Wednesday 4 June 2014

Windows of vulnerability

Sad to see Jester's Trek stopping. It was an interesting perspective on many things EVE, and I think it contributed to the idea that blogging about EVE is a thing, and hence the start of this blog. Not that I write much here, but still. So I will try something other than a list of things that I did recently, since that wasn't much. It will probably sound much less coherent than it does in my head, but here goes.

Some of the, lets say, discussion around griefing and ganking and such made me think about how the mechanics actually balance that. And I realized that one thing about EVE in this respect is that for all the talk that it is primarily a PvP game all the risk versus reward balancing present takes into account what I really want to call tangible reward. Except ISK is of course not tangible even in universe. I mean ISK, minerals and loot of all kinds, as opposed to killmails, "tears" and the like.

Most anything that gives in-game rewards requires risk. Which is fine, but the problem is, the older the thing is, the more it shows the early timesink design reminiscent of most other MMOs. And that is the worst kind of risk, since there is relatively little a player can to do deal with it, and even if one can effectively survive, the reward is usually lost even if an attempt to attack failed.

Mining and missions being the worst offenders, since they require hanging in space in mostly defenseless and slowly warping ships for long stretches of time. Hauling requiting moving in a defenseless ship through easily camped chokepoints.

Exploration, since it was added later, at least shrinks the window of vulnerability by allowing the explorer to be cloaked most of the time. On the other hand since Odyssey the minigame exists to distract from local and dscan, making the window narrower, but increasing the scope of the vulnerability. Of the most recent, both security tags and I'm assuming similar newly added in Kronos Mordu's Legion belt rats are small, simple encounter that can be completed in a reasonably fast combat ship in a few minutes.

This clearly shows that CCP is aware that the timesink design is a problem and is moving away from it. But unfortunately it seems that can't and/or won't actually remove the already present elements of that. Which is understandable since the reaction would likely be loud and negative, and rebalancing all that content around non-timesink design would require effort CCP probably wants to spend on new things.

What the timesink design does, other that creating an obvious, but boring, path for new players, is empower the gankers, since around any popular mission or mining hub they can find at basically any time a large number of targets just sitting in space. The same goes for highsec wardec corps, if the dec a PvE/mining corp, their targets either have to hang in space vulnerable or effectively stop playing the game the way they want to.

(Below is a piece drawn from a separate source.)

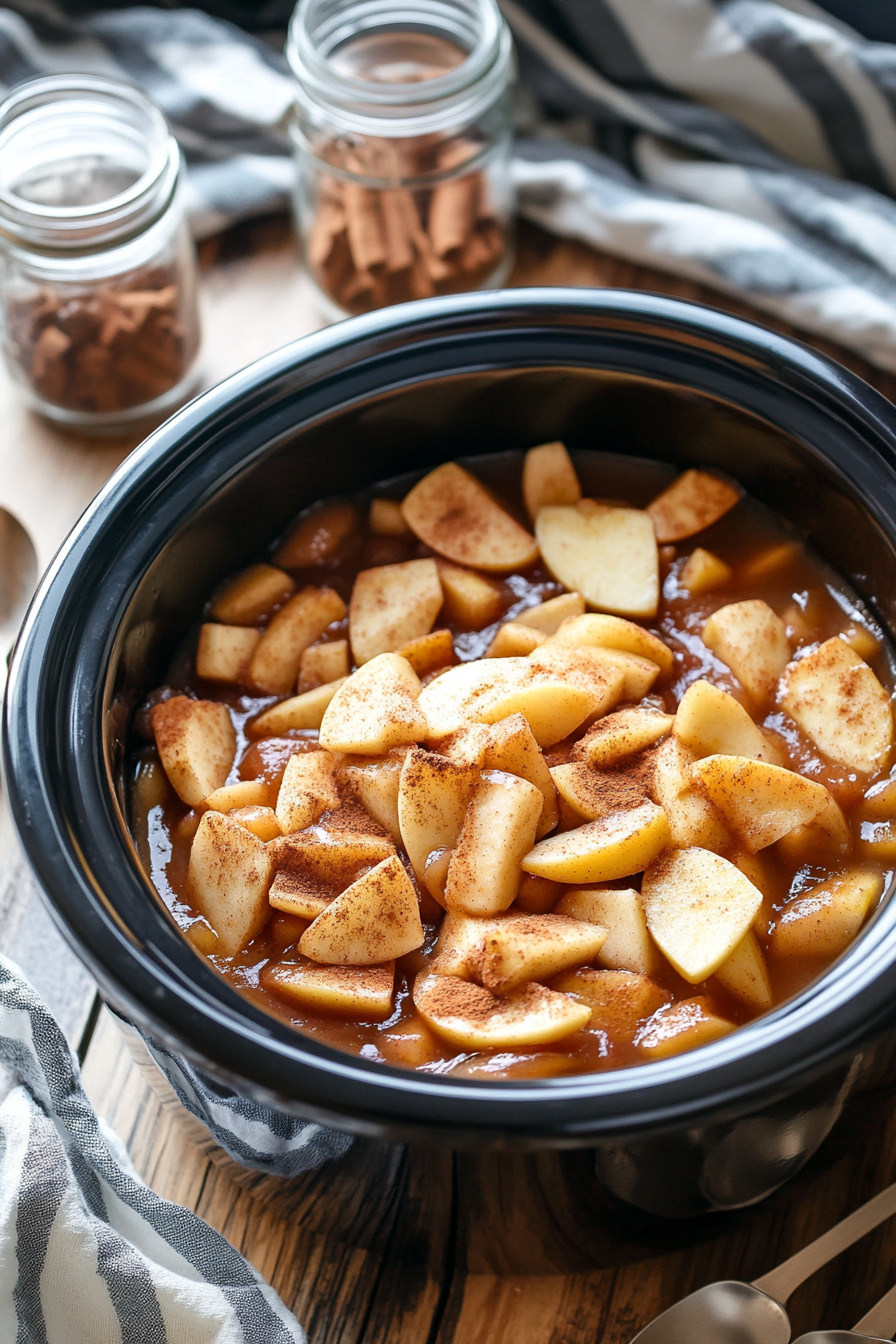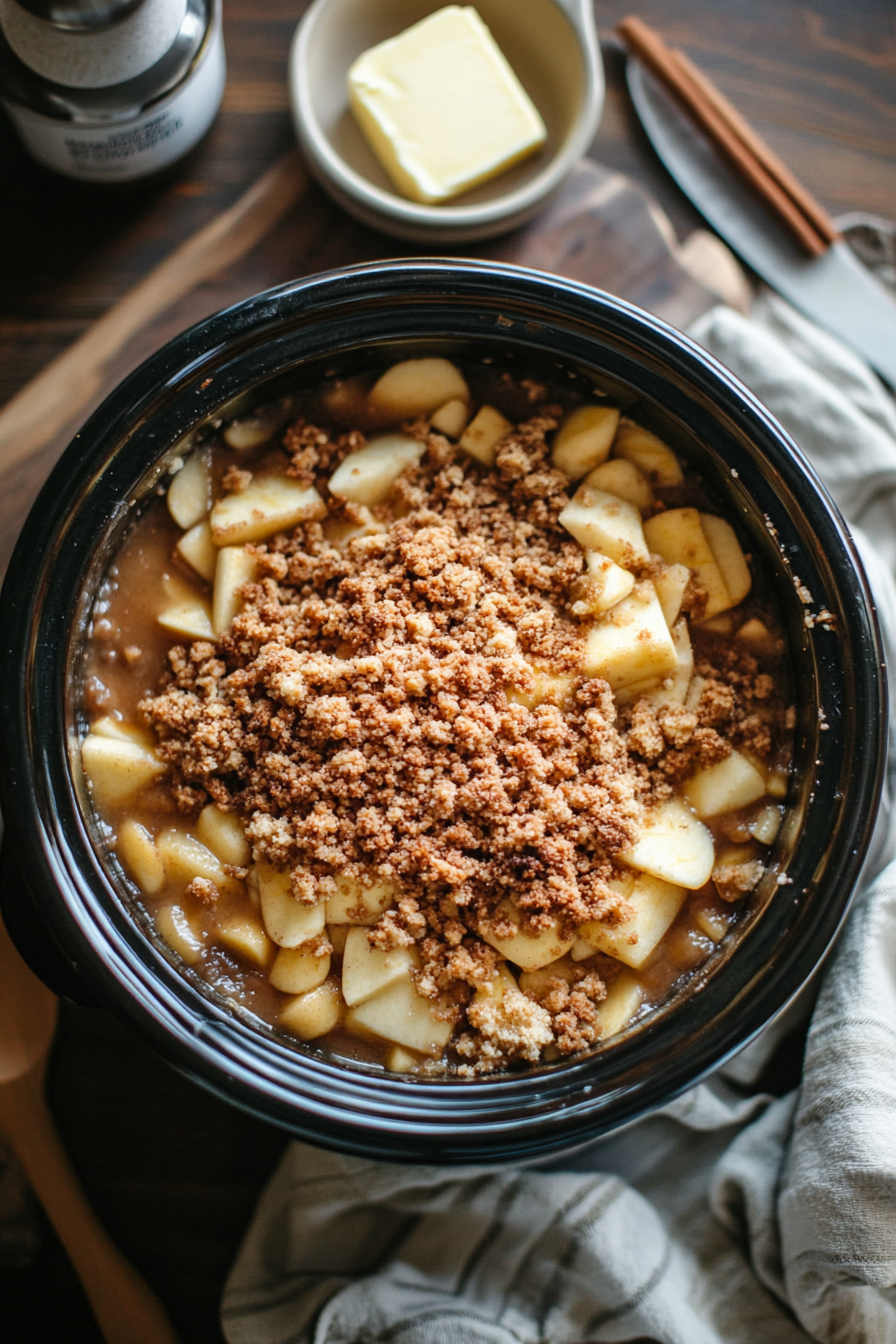 Sprinkle the crumbly mixture evenly over the apple pie filling in the crockpot.
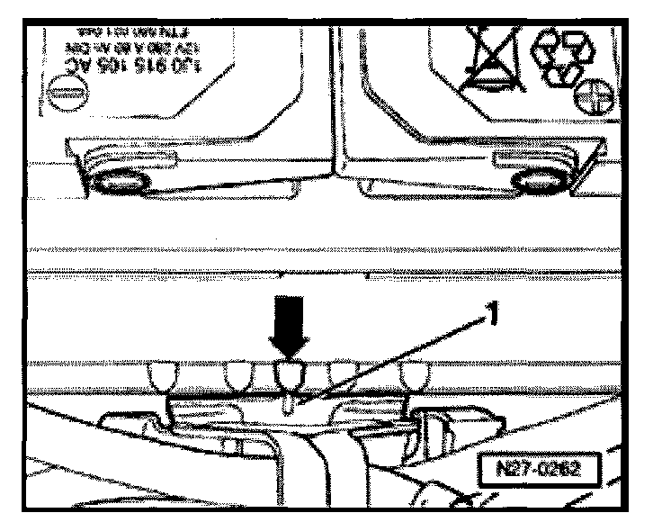 - Install battery so that the lug of the hold-down clamp -1- engages in the center cutout of the battery lower flange -arrow

The gankers or wardec corps are vulnerable only for the few minutes, if that, it takes to undock, land on grid and destroy the ships of the targeted players. There is no effective way to retaliate, or even stop them, since if they see a prepositioned defense force that could actually do anything, they can simply choose to attack elsewhere. And their window of vulnerability is so small than no force can arrive in time to do anything. Certainly in the case of suicide gankers, where even the infinite DPS of Concord showing in thirty seconds or less is too late.

And it is largely the same in lowsec and nullsec, certainly below capital level or timer fights. As evidenced by the many stories of roams that roamed for hours without finding anyone to fight, there is nothing pinning a PvPer in place to make a fight possible. Even the most stationary of gatecamps can just scatter or log off with fifteen seconds of warning and the reform immediately once the threat leaves.

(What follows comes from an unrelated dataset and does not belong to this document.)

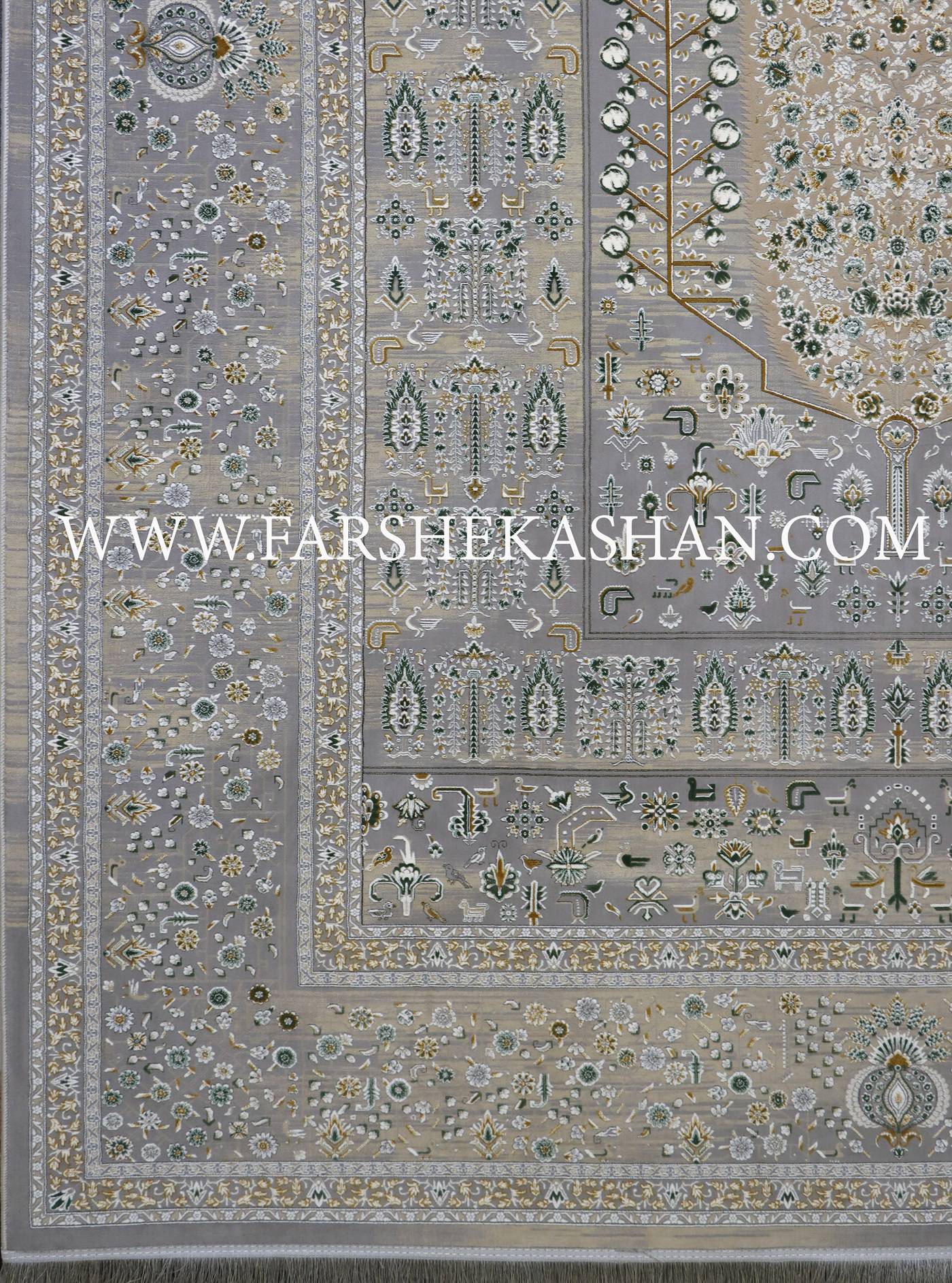 ساختار این فرش 1200 شانه با تراکم 3600 بر پایه هندسه دقیق و تقارن چهاربخشی است. قابهای پیرامونی با چینش آینه ای، ریتمی هماهنگ ایجاد کرده و نگاه را به سمت مرکز هدایت میکنند. طرح مرکزی ترکیبی از «درخت زندگی» و بته کشیده است که با گلهای گرد و برگهای بادامی تراکم پیدا میکند و حس قد کشیدن در فضا را القا میکند. استفاده از موتیفهای ختایی و شاه عباسیهای ریزاندام با ساقه های نازک، ظرافت خاصی به طراحی بخشیده است. پالت رنگی شامل سیلور خنثی به عنوان پایه، در کنار عاجی، نخودی طلایی، سبز یشمی و طوسی دودی است. این ترکیب رنگی باعث میشود نقوش هم از نزدیک خوانا باشند و هم از دور جلوهای یکدست داشته باشند؛ ویژگیای که بهویژه برای دکوراسیون مدرن و مینیمال بسیار ارزشمند است.

What I feel the fighting system in EVE could really use is some slowing down. The level of DPS and repair per second compared to typical buffers barely makes sense in typical fantasy MMO, with humanlike beings and healing magic, but with giant piles of advanced composites that form spaceships it just feels silly. What I would like is greatly reducing DPS while making a ship ineligible for any kind of local or remote repair for a time after receiving damage, combined with some sort of stacking penalty for damage. This would make smaller groups punching up more viable, move logistics to their place outside the direct battlefield and decrease the importance of alpha and absolute focus fire. It would also extend the vulnerability window for small engagements.

Unfortunately this is not ever going to happen even if most everyone agreed this is a good idea, since it would require rebalancing every ship, most modules, basically all PvE… and it took six months each for CCP to balance a class of ships. And people hate change in general. Which is another reason why CCP prefers to pile on new things rather than to fix existing ones unless they are severely broken. Unfortunately, that can only continue for so long.